You can do it in LINQ:

listB.Where(e => listA.Any(a => e.Contains(a)));

Bear in mind that this algorithm has a runtime cost similar to O(n^2), it will therefore slow down quickly as the number of elements in your lists grows.

Comments

1

You can also implement things like that :

  public class EqualityComparer : IEqualityComparer<string>
  {

    public bool Equals(string x, string y)
    {
      return y.Contains(x);
    }

    public int GetHashCode(string obj)
    {
      return 1;
    }
   }

and then use intersect like that:

 listB.Intersect(listA, new EqualityComparer()).ToList();

Comments

1
List<string> listA = new List<string> { "zinmin", "zin1", "zin2" };
List<string> listB = new List<string> { "zinmin", "min1", "min2" };



List<string> matching = listA.Intersect(listB).ToList();

matching result will come {"zinmin"} . Sorting order doesn't matter.

Comments

0

Yes you can do such thing with LINQ

    public List<string> GetSimilarStrings(List<string> list1, List<string> list2)
    {
        return (from item in list1 from item2 in list2 where string.Equals(item,item2,StringComparison.InvariantCultureIgnoreCase) select item).ToList();
    }

4 Comments

Why do you use string.Compare?
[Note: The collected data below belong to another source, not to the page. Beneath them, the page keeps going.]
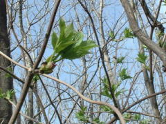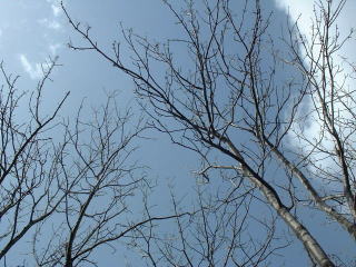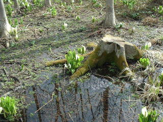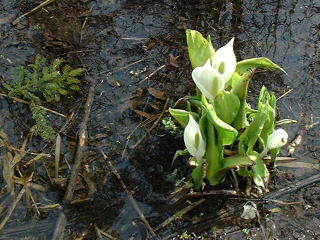 早春の雑木林の中、 木々はやっと芽が膨らんできたところ、 木漏れ日のさす 明るい水辺で ミズバショウが咲いています。 |
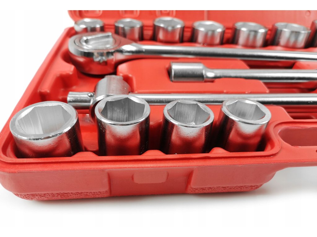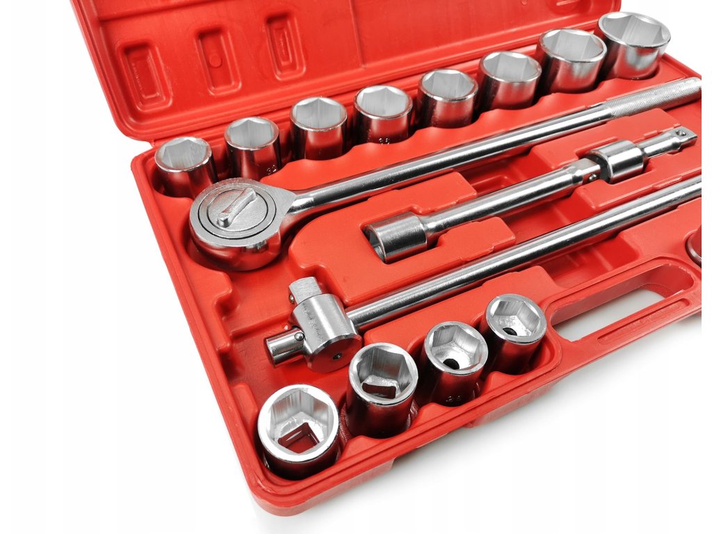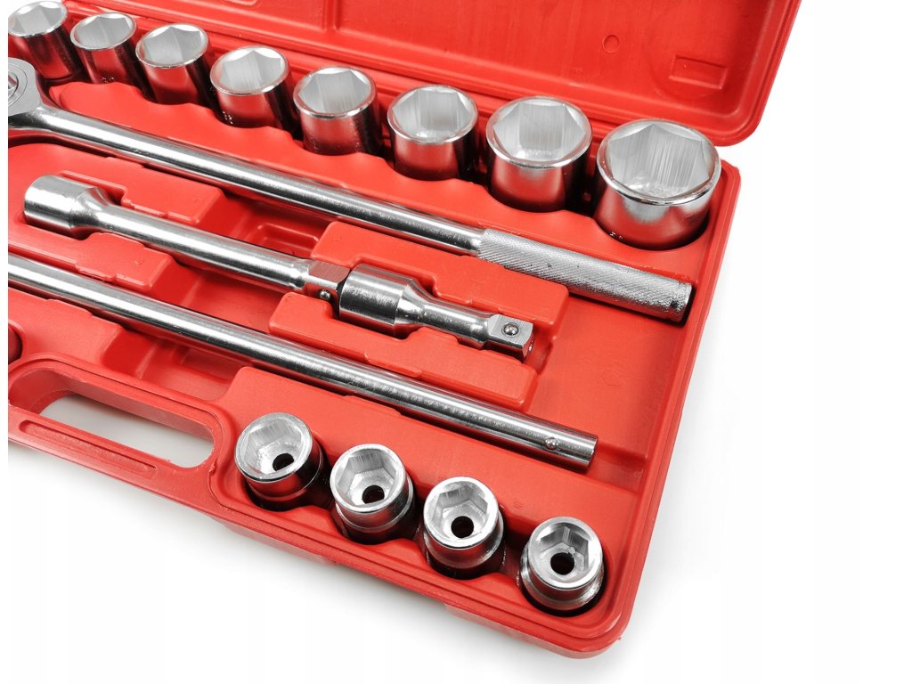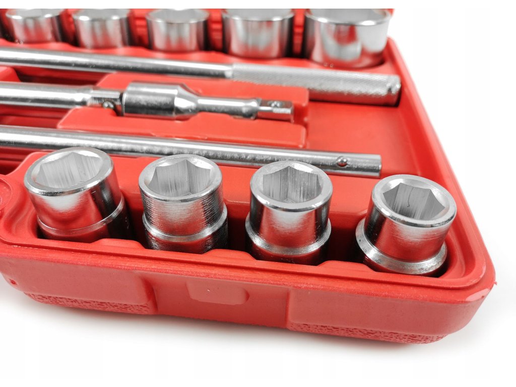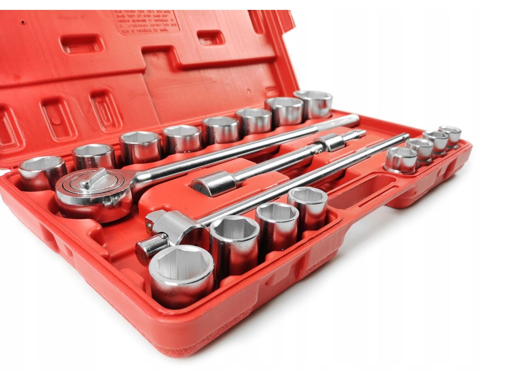 Súprava obsahuje okrem kľúčov aj račňu 3/4", predlžováky a trhák. Všetky komponenty sú usporiadané v praktickom plastovom kufríku, ktorý umožňuje jednoduché prenášanie a organizáciu nástrojov.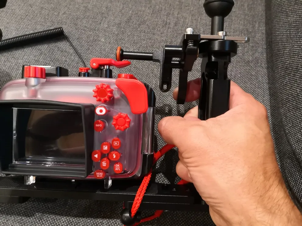 Обновленная версия (черный и красный 2 цвета): Материал: Алюминий из алюминиевого сплава Цвет: черный/красный Технология обработки: обработка ЧПУ/ЧПУ Обработка поверхности из алюминиевого сплава: анодная обработка окисления Размер изделия: 60*70*75 мм Вес брутто продукта: 100 г Подходит для дайвинга с двумя ручками/подходит для всех серий GOPRO/SJcam / Xiaoyi и других спортивных камер, для Nikon для Canon Micro SLR и других водонепроницаемых чехлов.

This method returns an integer stating the lexical order of two strings rather than a boolean, does it not?
Yeah, good point. I corrected my answer. Comparing strings by "==" could cause problems with culture, encoding or case sensitiveness of words. This example shows how to handle those things.
I'm not sure whether the strings are supposed to be equal. However, I'd maybe rather use string.Equals(a, b, StringComparision.InvariantCultureIgnoreCase) msdn.microsoft.com/en-us/library/t4411bks.aspx
You are right, it could be even better to use String.Equals.